HOW TO COMPLETE THIS TASK :: Please reproduce the lines of the records below from the one holding "Цепочка цепка с" through the one holding "Για Tecno Camon", inclusive, skipping all pictures.

ENTRIES PROVIDED ::
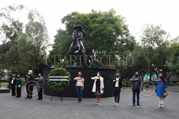 CIUDAD DE MÉXICO, 08AGOSTO2021.- En la Alameda del Sur, se realizó la ceremonia cívica, para conmemorar el natalicio Emiliano Zapata, con la presencia de Claudia Sheinbaum, Jefa de Gobierno de la Ciudad de México, acompañada de Edgar Castro Zapata, bisnieto del General, así como Vannesa Bohórquez López, Secretaria de Cultura capitalina. FOTO: GCDMX /CUARTOSCURO.COM
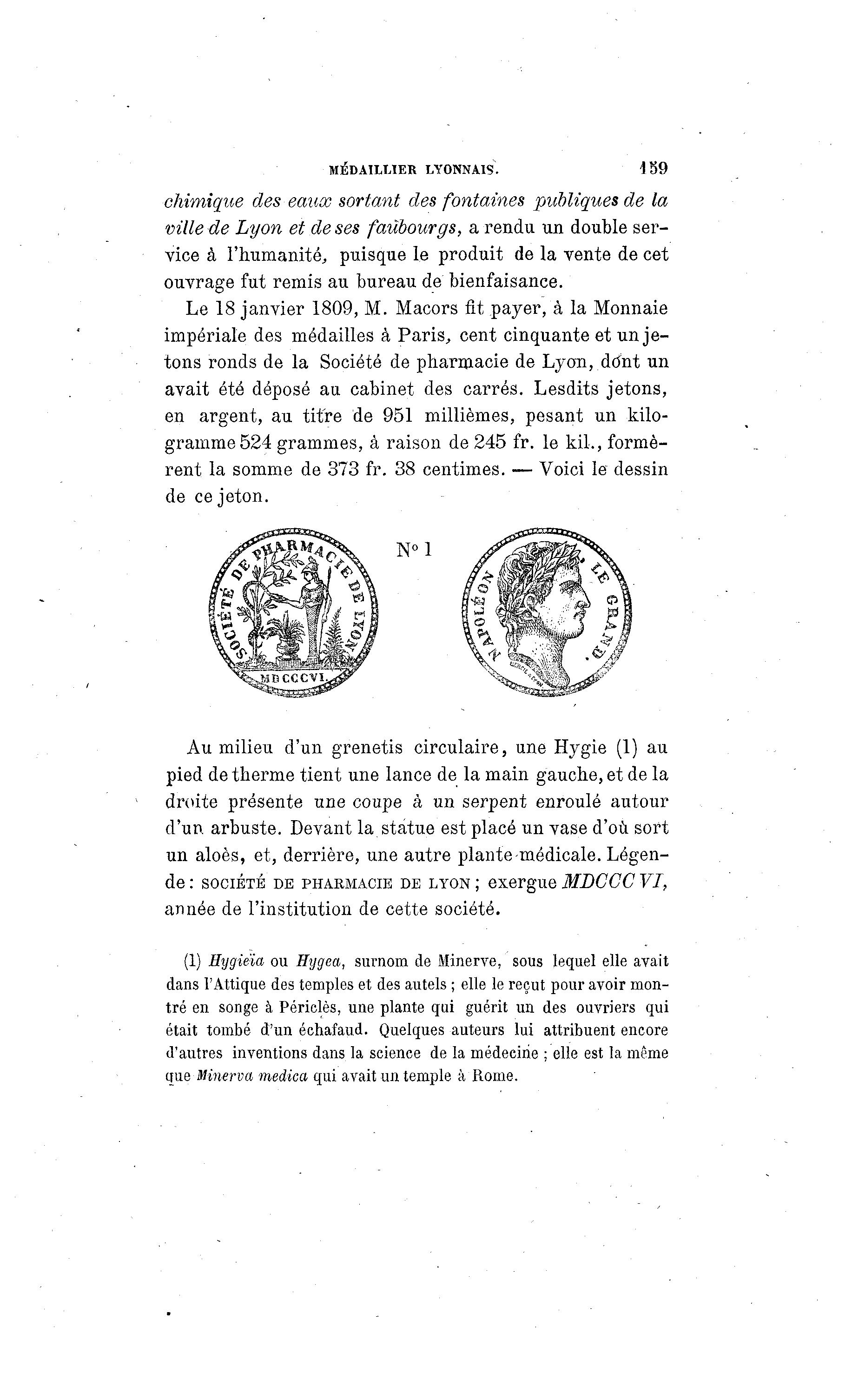 MÉDAIIXIER LYONNAIS. 159 chimique des eaux sortant des fontaines publiques de la ville de Lyon et de ses faubourgs, a rendu un double ser- vice à l'humanité, puisque le produit de la vente de cet ouvrage fut remis au bureau de bienfaisance. Le 18 janvier 1809, M. Macors fit payer, à la Monnaie impériale des médailles à Paris, cent cinquante et un j e - tons ronds de la Société de pharmacie de Lyon, ddnt un avait été déposé au cabinet des carrés. Lesdits jetons, en argent, au titre de 951 millièmes, pesant un kilo- gramme 524 grammes, à raison de 245 fr. le kil., formè- rent la somme de 373 fr. 38 centimes. — Voici le dessin de ce jeton. Au milieu d'un grenetis circulaire, une Hygie (1) au pied detherme tient une lance de la main gauche, et de la droite présente une coupe à un serpent enroulé autour d'un arbuste. Devant la statue est placé un vase d'où sort un aloès, et, derrière, une autre plante-médicale. Légen- de : SOCIÉTÉ DE PHARMACIE DE LYON ; exergue MDCCC VI, année de l'institution de cette société. (1) Hygieïa ou Hygea, surnom de Minerve, sous lequel elle avait dans l'Attique des temples et des autels ; elle le reçut pour avoir mon- tré en songe à Périclès, une plante qui guérit un des ouvriers qui était tombé d'un échafaud. Quelques auteurs lui attribuent encore d'autres inventions dans la science de la médecine ; elle est la même que Miner va medica qui avait un temple à Rome.
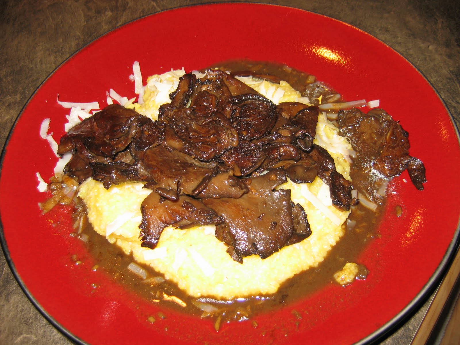 Recently I was asked to do a blog for our local newspaper weekly for a month (you can see the first post here) which has left limited time for my own usual blogging. But I did want to throw out a quick reminder of some of our best local delicacies. Among my favorites are the lovely pearly oyster mushrooms from Exotic Edibles of Edgewood, available at the downtown growers’ market and at both Albuquerque branches of La Montanita Co-op.They are delicious roasted and served over polenta.
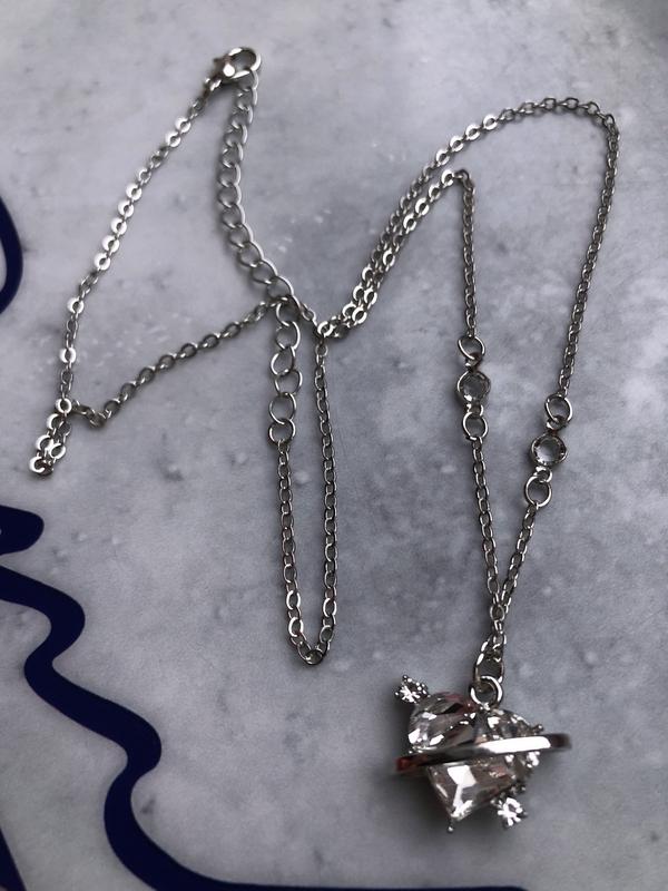 Цепочка цепка с подвеской сердцем сердечком камнем серебристая под серебро
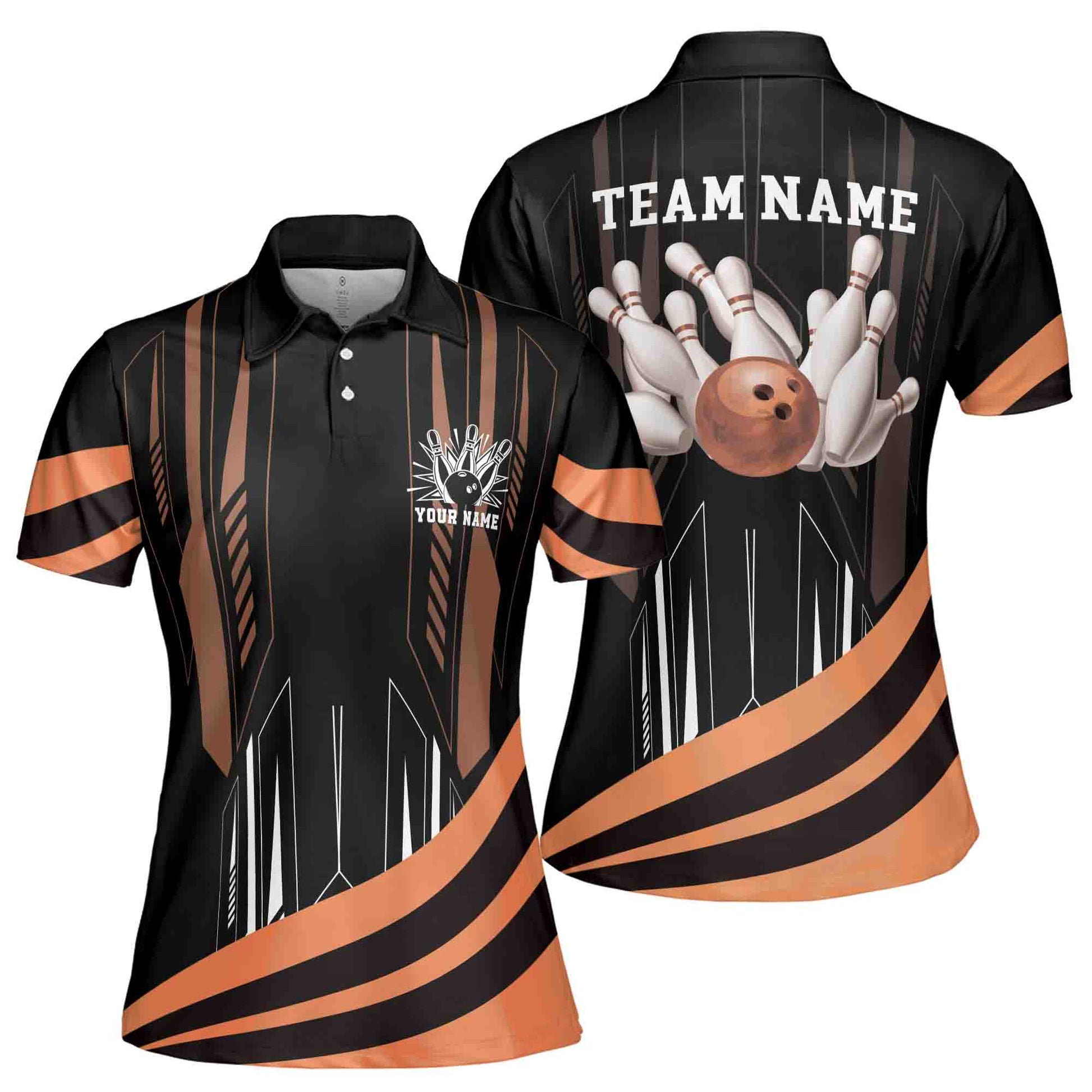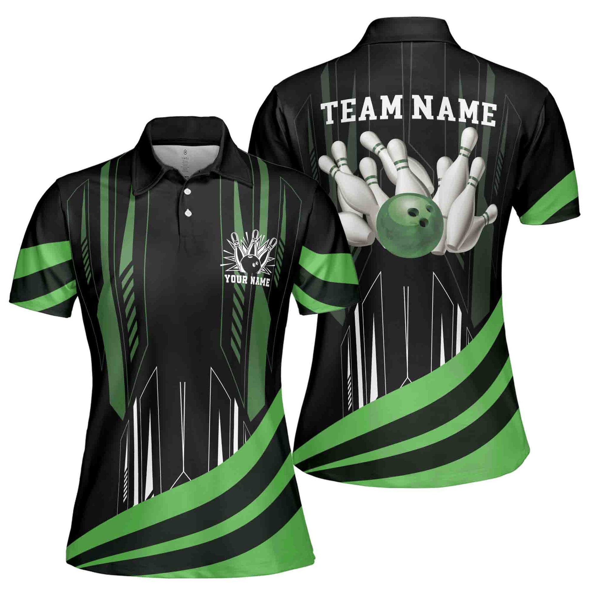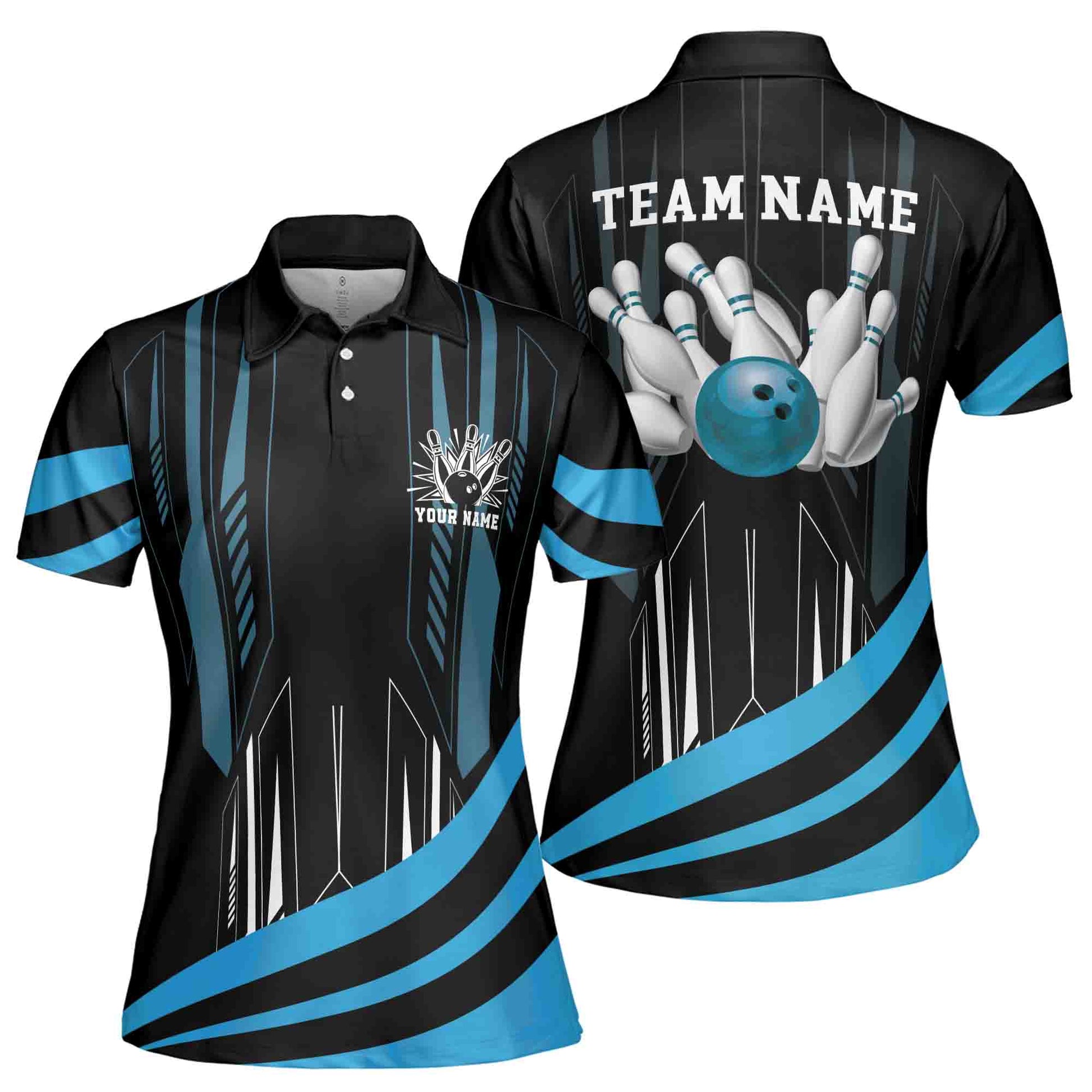 Custom Name, Team Name MultiColor Bowling Ball Women's Polo Shirt S-5XL
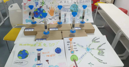 在互动学习的过程中,各个小组的孩子们都不忘拿起手中的画笔,在小组长的带领下进行“水环境”的随堂笔记海报制作:有的小组成员负责绘画;有的负责整体海报布局;而有的则负责文字书写。孩子们各司其职,将课堂中学习到的知识有模有样地进行记录。过程中有的小组分工明确,而有的小组讨论不断,各抒己见,孩子们的踊跃发言让我们看到了新时代向日葵们的各种创意和想法。并且最终都通过海报画面进行了充分展示。
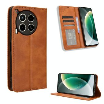 Για Tecno Camon 30 Premier 5G Μαγνητική πόρπη Ρετρό υφή δερμάτινη θήκη τηλεφώνου (καφέ)
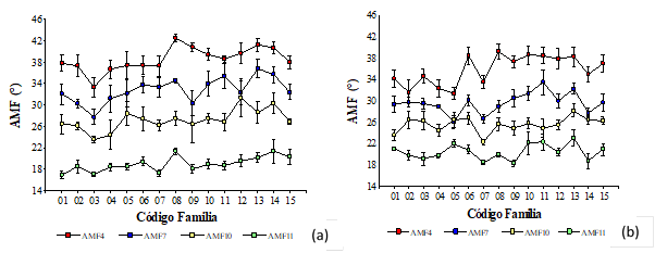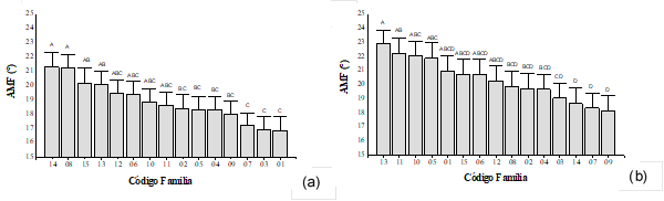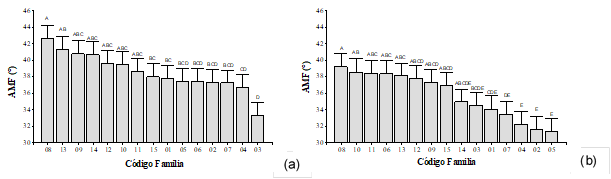 A los 4 años de edad (anillo 4), se detectaron diferencias estadísticamente significativas entre familias para el AMF en los sitios estudiados (valor-p≤0,022). Los valores medios de AMF registrados para el sitio 2 fueron menores en un 7,1% respecto al sitio 1. Los mayores valores de AMF encontrados para el sitio 1 podrían ser atribuidos a una alta velocidad de crecimiento inicial propiciado por una disponibilidad privilegiada de recursos minerales asociados al uso anterior de la tierra. Para el sitio 1 las familias con menores valores de AMF fueron la 02, 03, 04, 05, 06 y 07, arrojando un valor medio de 36,5° (Figura 2a). Por otra parte, para el sitio 2, presentaron menores valores de AMF las familias 01, 02, 03, 04, 05, 07, con una media de 32,9° (Figura 2b). Estas familias pertenecen a la posición 1 y 2 del ranking genético de crecimiento, indicando que, al seleccionar por crecimiento, indirectamente se estaría eligiendo los ejemplares con mejor desempeño en cuanto al AMF.
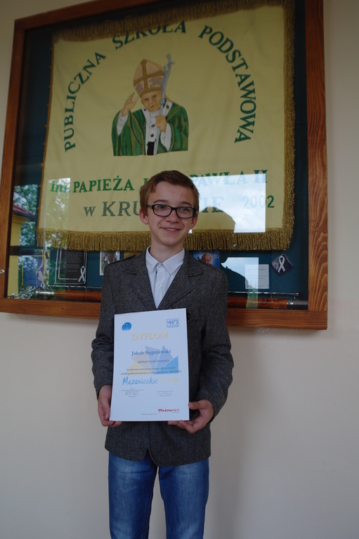 18 maja 2015r. w auli Wydziału Matematyki i Nauk Informacyjnych Politechniki Warszawskiej odbyło się wręczenie dyplomów laureatom konkursów przedmiotowych  przeprowadzonych przez Mazowieckie Kuratorium Oświaty . Wśród tych najwybitniejszych, najbardziej utalentowanych znalazł się uczeń Publicznej Szkoły Podstawowej im. Papieża Jana Pawła II w Kruszewie- szóstoklasista Jakub Stępniewski.
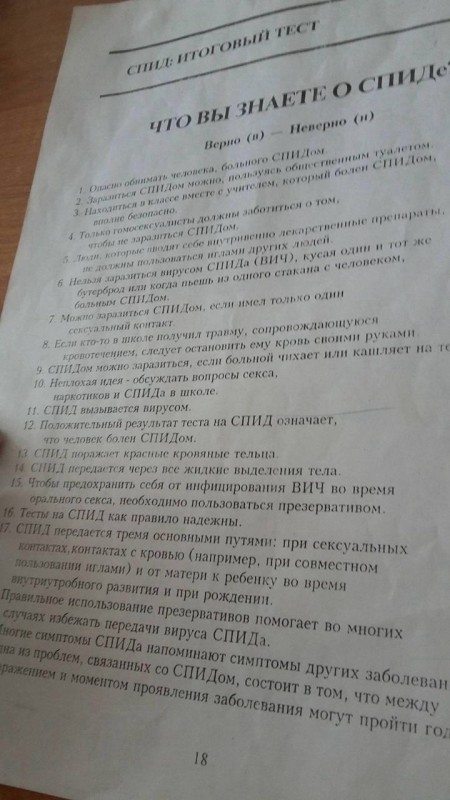 "С момента появления заболевания СПИД я веду просветительскую работу и посещаю курсы. Проблеме уделяется много внимания уже больше 30 лет. У нас в городе ведется активная работа против распространения этого заболевания, и наша школа постоянно в ней участвовала - проводилась агитация, семинары. Эта тема у нас всегда открыта, и никогда не вызывала никаких вопросов. Тест я получила на одном из курсов ЮНЕСКО в 2006 году. Он был рекомендован для работы с детьми. Я его проводила, но вопросов это не вызывало", - сказала она.
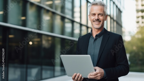 A confident middle-aged businessman wearing a dark suit standing in front of a modern glass office
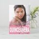 Use a PERSONALIZAÇÃO ELE botão para adicionar seus texto & fotografia a este convite bonito de Quinceañera que caracteriza swirly curliques em um fundo cor-de-rosa, com um entalhe para sua foto favorita. Para perguntas ou pedidos do special, contacte: cheryl@cheryldanielsart.com. Design pelo © 2011 de Cheryl Daniels.
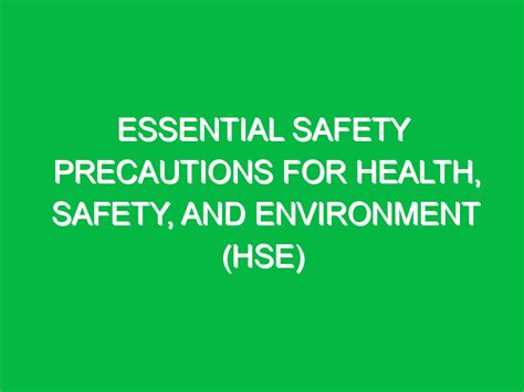 What Safety and Health Precautions are Essential?
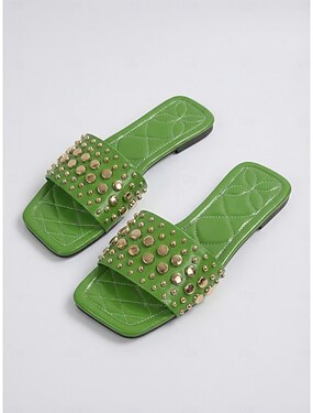 Sandálias femininas verdes com tachas – sandálias casuais de praia, rasteiras e de bico aberto, perfeitas para as férias de verão.
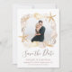 O "Beach Seashell Photo Blush Pink Elegant Wedding Save the Date" é um cartão de aviso de casamento personalizável e lindamente projetado que captura a essência de um casamento à beira-mar. O cartão apresenta uma fotografia deslumbrante do casal rodeado por uma moldura de conchas, com sotaques suaves em rosa blush que adicionam um toque de elegância e sofisticação.

COMPLETED TASK ::
 Цепочка цепка с подвеской сердцем сердечком камнем серебристая под серебро
 Custom Name, Team Name MultiColor Bowling Ball Women's Polo Shirt S-5XL
 在互动学习的过程中,各个小组的孩子们都不忘拿起手中的画笔,在小组长的带领下进行“水环境”的随堂笔记海报制作:有的小组成员负责绘画;有的负责整体海报布局;而有的则负责文字书写。孩子们各司其职,将课堂中学习到的知识有模有样地进行记录。过程中有的小组分工明确,而有的小组讨论不断,各抒己见,孩子们的踊跃发言让我们看到了新时代向日葵们的各种创意和想法。并且最终都通过海报画面进行了充分展示。
 Για Tecno Camon 30 Premier 5G Μαγνητική πόρπη Ρετρό υφή δερμάτινη θήκη τηλεφώνου (καφέ)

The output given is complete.